Of all the spiritual attributes that any one of us found and embraced, it is our faith that too many take for granted. We always say to those who appear weak when difficulties become troublesome for them, “keep your faith” or “don’t let your faith leave you.” Good advice especially coming from any of us whose faith is sound. Or is it?
Looking at the three attributes Paul places at the end of his narrative on love; “Faith, hope, and love remain, these three: but the greatest of these is love.” (1 Cor 13: 13). However, as each of us has learned about theological virtues, our total attention might pass over faith since the understanding of that being the least to be concerned about. After all,don’t we say our family prayers, attend Mass frequently, and impress upon others to do the same? What could be the problem of retaining our faith as a priority?
Certainly the answers to any of these questions would become easily answered. Well, let’s surmise what this particular virtue’s reminder seems to elude us. Each time a scandal, of which too many lately have confronted us, appears, the cries go for change, removal of top clergy, and let’s find another church where these atrocities do not occur. Maybe that would not happen in your family or the central community to which you put a lot of trust.
After the scandal with priests abusing children, some of the above cries became loud and pulled a lot of faithful people away from the Church.
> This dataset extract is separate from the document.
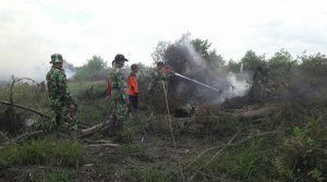 Anggota TNI Simpang Hilir Padamkan Kebakaran Lahan
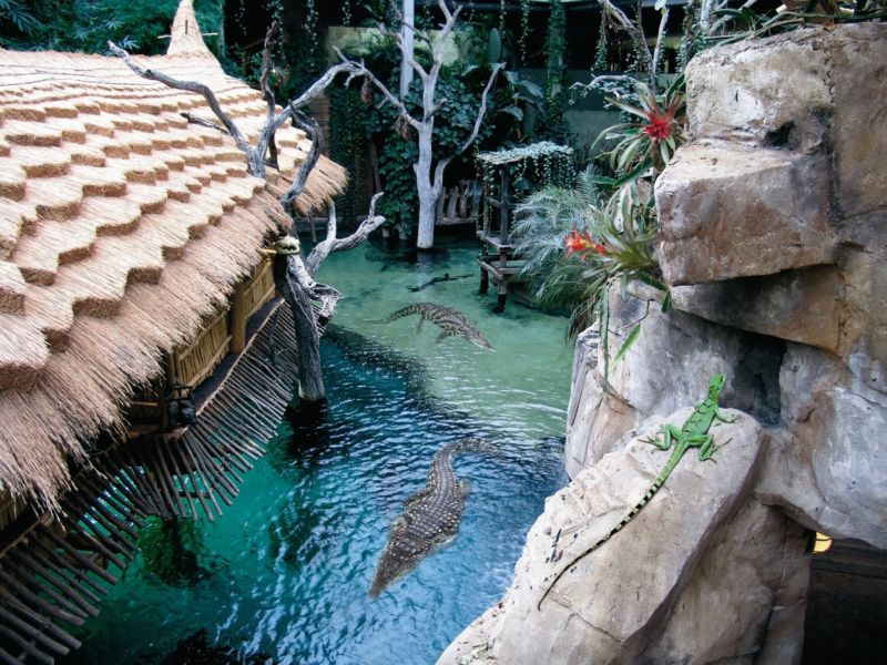 Die längsten Riesenschlangen der Erde und die kleinsten Verwandten der Elefanten sind hier zu finden. Der Krokodilsee ist mit einer Größe 350 Quadratmetern und einem Fassungsvermögen von 400.000 Litern der Größte Deutschlands und wird von mächtigen Nilkrokodilen bewohnt. Eine Panoramascheibe unterhalb des Wasserspiegels bietet die zusätzliche Möglichkeit die Tiere in ihrem nassen Element zu beobachten. Auch die Blattschneiderameisen erlauben einen Blick in ihre normalerweise unterirdischen Wohnkammern. Über einen Stollengang geht es in eine Höhlenwelt, die von Fledermäusen, Blinden Höhlenfischen, Geißelspinnen und Querzahnmolchen bewohnt wird. Im Giftschlangendorf lauern die gefährlichsten Schlangen, wie die Grüne Mamba oder auch die Gabunviper. Auch eine Königskobra, die mit einer Länge von über vier Metern die größte Giftschlange der Erde ist, lebt hier.

There is no doubt that our faith is challenged many times from perhaps only a few exposes’ that are more than some can deal with. When Jesus was rejected at Nazareth after his first teaching: “Today this scripture passage is fulfilled in your hearing.” (Lk 4: 21). Jesus, through his Incarnation, came to earth for this very scripture in Isaiah. Yet, his faith in his Father’s trust that he would carry out his mission was more than a hope; his faith as the Son of God and a man as well became his battle cry to carry on regardless of what the people said or disbelieved, that he was the Son of God.
So faith is not only accepting what you believe about God and our own faith in what we’ve been handed, it is a trust that we must believe in as challenges will confront us, our understanding of our own mission, and the faith to carry out that ministry in spite of the weaker side of our friends and relatives
Scandals are always difficult to endure, but then God has not put us down because of them. We are in the protection of the Holy Spirit who will constantly urge us to stand secure in the onrush of evil towards what we believe in. “Truth: “What is truth,” asked Pilate to Jesus. He is Truth and our faith in that alone should be enough to hold secure to ours as well.
Our faith, the one attribute we were given at our creation, is the only vehicle that will bring us closer to God in spite of our weaknesses, the constant barrage of evil that lives all around us, and the grace that God extends to us in spite of our disbelief. The prayer that says; “Lord I believe, help me in my disbelief.” is ever more the truth of the human ability to realize how far some of us fall from faith at times. We don’t lose faith, we just misplace its meaning.